Distribution of influenza virus types by age using case-based global surveillance data from twenty-nine countries, 1999-2014
- PMID: 29884140
- PMCID: PMC5994061
- DOI: 10.1186/s12879-018-3181-y
Distribution of influenza virus types by age using case-based global surveillance data from twenty-nine countries, 1999-2014
Abstract
Background: Influenza disease burden varies by age and this has important public health implications. We compared the proportional distribution of different influenza virus types within age strata using surveillance data from twenty-nine countries during 1999-2014 (N=358,796 influenza cases).
Methods: For each virus, we calculated a Relative Illness Ratio (defined as the ratio of the percentage of cases in an age group to the percentage of the country population in the same age group) for young children (0-4 years), older children (5-17 years), young adults (18-39 years), older adults (40-64 years), and the elderly (65+ years). We used random-effects meta-analysis models to obtain summary relative illness ratios (sRIRs), and conducted meta-regression and sub-group analyses to explore causes of between-estimates heterogeneity.

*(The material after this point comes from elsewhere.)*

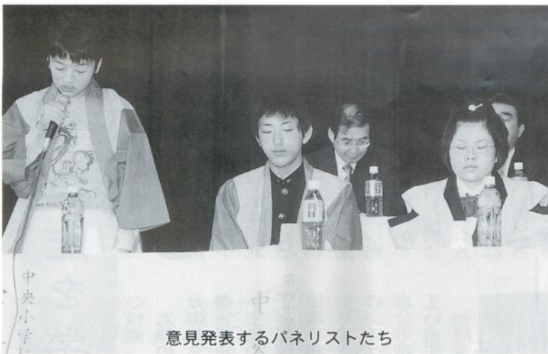
意見発表するパネリストたち

本市の夏まつりに参加した若者に明日の立佞武多を考 えてもらおうと「煌（きら）めく立佞武多応援隊21フォ ーラム」が中央公民館で九月二十九日に開催されました。 同フォーラムは、「よみがえる感動、ほとばしる若さ にロマンの祭り、立佞武多が映える我がふるさと」をテ ーマで行われ、昨年の高校生サミットに続き二回目にな ります。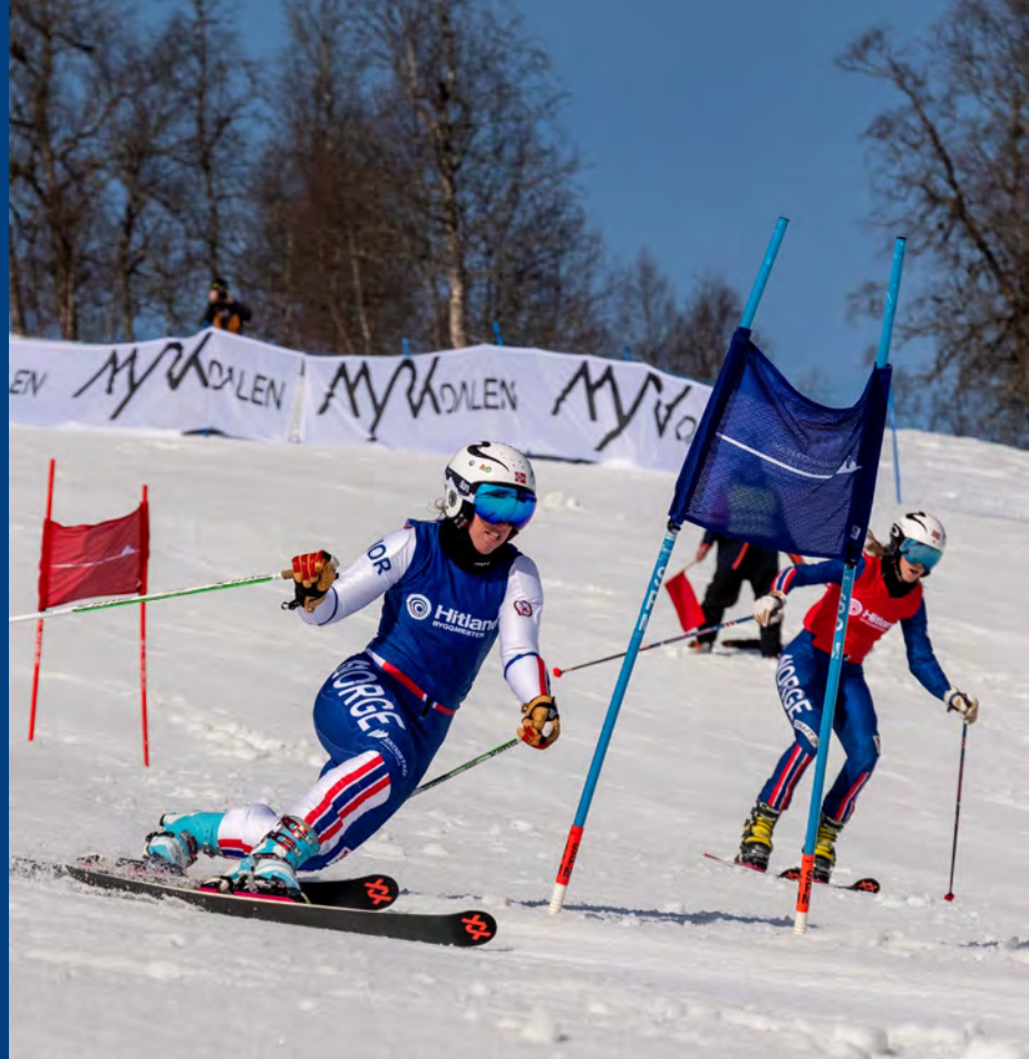
NM-veka 2022- Myrkdalen Voss

Results: The influenza virus with highest sRIR was A(H1N1) for young children, B for older children, A(H1N1)pdm2009 for adults, and (A(H3N2) for the elderly. As expected, considering the diverse nature of the national surveillance datasets included in our analysis, between-estimates heterogeneity was high (I2>90%) for most sRIRs. The variations of countries' geographic, demographic and economic characteristics and the proportion of outpatients among reported influenza cases explained only part of the heterogeneity, suggesting that multiple factors were at play.
Conclusions: These results highlight the importance of presenting burden of disease estimates by age group and virus (sub)type.

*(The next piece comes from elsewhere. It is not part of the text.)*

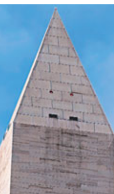
華盛頓紀念碑頂部受損。

地震令國會大樓輕微損毀，顏料和石膏散落在地上，部分地方出現裂縫；華盛頓紀念碑亦出現裂痕，華盛頓國家大教堂、林肯紀念堂等暫時關閉進行檢查。

Keywords: Age distribution; H1N1 subtype; H3N2 subtype; Influenza; Influenza A virus; Influenza B virus; Meta-analysis.
Conflict of interest statement
Ethics approval and consent to participate
In all participating countries, the collection and analysis of respiratory specimens was undertaken as part of routine influenza surveillance, and no specific ethical approval was required for the statistical analysis of the resulting anonymized surveillance data according to local laws and regulations.
Competing interests
Clotilde El-Guerche Séblain is an employee of Sanofi Pasteur. She was involved in the debate about the interpretation of the results but had no role in study design, data collection, data analysis, decision on what results to present, and writing of the manuscript (including the main conclusion of the study). All the other authors declare they have no conflict of interests to disclose. All the other Authors declare that they have no competing interests.